Выбрать главу

— Хорошо, — сказала Хельвинга, но Динь, изучившая свою наставницу, поняла, что она чем-то недовольна.

— Кто такие — эти «Черные Волки?..» — спросила она у Хельвинги, когда они возвращались домой. — И как волки могут быть черными? Разве они тогда могли бы прятаться в снег?

— Тебе еще рано знать это, — словно по привычке ответила Хельвинга и, увидев, что Динь обиженно надулась, внимательно вгляделась в нее, словно размышляя, стоит ли оставить все, как есть или рассказать волчонку правду? В конце концов, она пришла к какому-то важному внутреннему решению и кивнула сама себе.

— В нашем мире есть четверо Великих. Это Судьба — Тигрей, Время — Хранос, Лайгредита — Истинный Свет и Дементозард — Истинная Тьма. Двое из них состоят в вечной борьбе — это Тьма и Свет. И мы должны всячески помогать Свету, ибо она — нашего рода, такая же волчица, как и мы. А Свет помогает нам и защищает нас.

Но были волки, что отреклись от Света, считая его силу — слабостью, и обратились к Тьме. И Тьма поглотила их разум.

Это были очень темные времена, Динь. Смерть, боль и страх поселились в волчьем мире. Нельзя было чувствовать себя в безопасности. Их набеги были внезапны и жестоки, они всегда оставляли после себя много погибших и раненных, и кичились этим. В крови они видели истинную силу и проливали ее, не останавливаясь ни перед чем.
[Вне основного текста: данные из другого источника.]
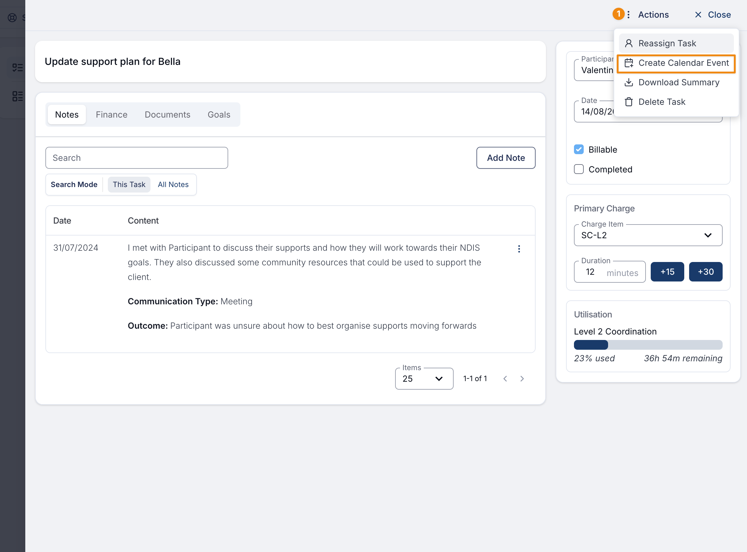 You can now create Calendar Events from Existing Tasks to do this navigate to an existing task. Once in here you will see the actions button. Click the actions button and you will now see a 'Create Calendar Event'

Нескоро мы смогли собраться, чтобы дать им решительный отпор и уничтожить всех Черных Волков до единого. Но когда собрались… Это была великая битва.

Серые лесные волки. Рыжие степные, тонконогие, похожие на лисиц… Огромные бурые — каждый род бился в своих владениях не на жизнь, а насмерть, за Свет и свободу. Я в этом бою потеряла глаз. Да что там я? Многие вышли из боя калеками. Мы ведь даже и не представляли, сколько их, обратившихся во Тьму. Их было лишь чуть меньше, чем нас.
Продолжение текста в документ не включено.